Parliamentary Under-Secretary of State for Scotland
- In office 21 October 1964 – 13 October 1969
- Monarch: Elizabeth II
- Prime Minister: Harold Wilson
- Preceded by: Priscilla Buchan
- Succeeded by: Bruce Millan

Member of the House of Lords Lord Temporal
- In office 7 February 1961 – 31 December 1999 Life Peerage

Personal details
- Born: William Hughes 22 January 1911 Dundee, Scotland
- Died: 31 December 1999 (aged 88) Comrie, Perth and Kinross, Scotland
- Party: Labour
- Spouse: Christian Gordon ​ ​(m. 1951; died 1994)​
- Children: 2
- Occupation: Politician

= William Hughes, Baron Hughes =

English politician

William Hughes, Baron Hughes CBE PC (22 January 1911 – 31 December 1999), was a Scottish Labour party politician who served in the governments of Harold Wilson.

==Background==
Hughes was born in Dundee, and was elected to Dundee Town Council at the age of 22. In 1954 he became Lord Provost of Dundee, a post he held until 1960, while he remained a councillor until 1961. He was also a Justice of the Peace for the city from 1943 until 1974. In the Second World War Hughes was Dundee's civil defense controller until 1943, when he joined the armed forces.
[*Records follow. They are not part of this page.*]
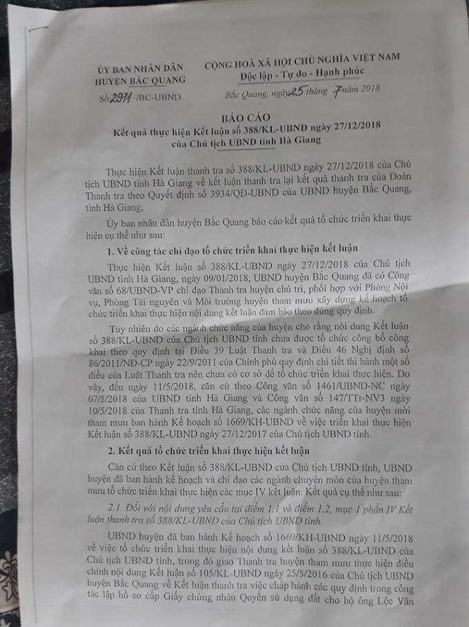 Trước đó, ngày 27/12/2017 UBND tỉnh Hà Giang đã ban hành công văn số 388/KL- UBND về việc thanh tra lại kết quả thanh tra của đoàn thanh tra theo quyết định 3934/ QĐ-UBND của UBND huyện Bắc Quang.
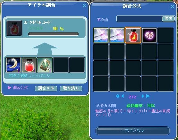 調合で作るムーンボトルは 50%の確率で ベースアイテムが消えるのですが・・・
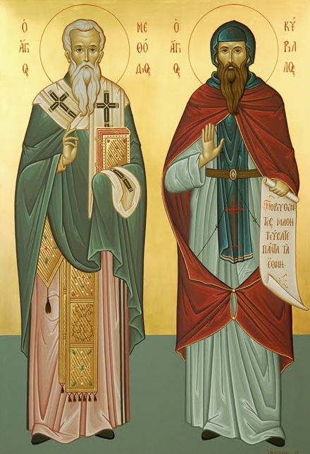 Τῶν Ἀποστόλων εἰσδεξάμενοι τὴν ἔλλαμψιν, τῶν Σλάβων ὤφθητε φωστῆρες καὶ διδάσκαλοι, τὸν τῆς χάριτος κηρύξαντες πάσι λόγον. Ἀλλὰ ὢ Κύριλλε παμμάκαρ καὶ Μεθόδιε πάσης βλάβης ἐκλυτρώσασθε καὶ θλίψεως τοὺς κραυγάζοντας, χαίροις ζεῦγος μακάριον.
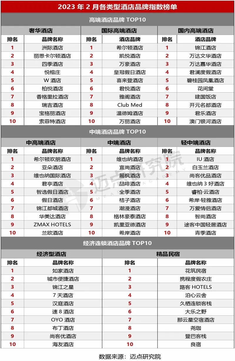 “2023年2月酒店品牌影響力(MBI)100強(qiáng)榜單”數(shù)據(jù)來(lái)源于邁點(diǎn)品牌指數(shù)MBI,根據(jù)2月邁點(diǎn)MBI八大旅游住宿業(yè)品牌類(lèi)目中的1837個(gè)品牌數(shù)據(jù)匯總統(tǒng)計(jì)而成。具體說(shuō)明如下:
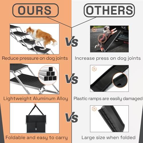 •   Extra-Wide-Dog-Car-Ramp-Portable-Dog-Car-Stair-for-Large-Dogs-Upgrade-Lightweight-Aluminum-Foldable-Pet-Ramp-with-Non-Slip-Surface-Dog-Steps-for-Cars-SUV-Trucks-5-Steps

He was commissioned in 1944, becoming a Captain by the end of the conflict. He served in the Royal Army Ordnance Corps in India. Burma and Borneo. He stood in the 1945 and 1950 general elections as the Labour Party's candidate for Perth (known as Perth and East Perthshire from 1950), but was not elected, before becoming a life peer on 7 February 1961 as Baron Hughes, of Hawkhill in the City of Dundee, Scotland.

==House of Lords==
Hughes resigned as councillor in March 1961, as he felt that 'he could not guarantee to be a fully effective member' of the body following his appointment to the House of Lords.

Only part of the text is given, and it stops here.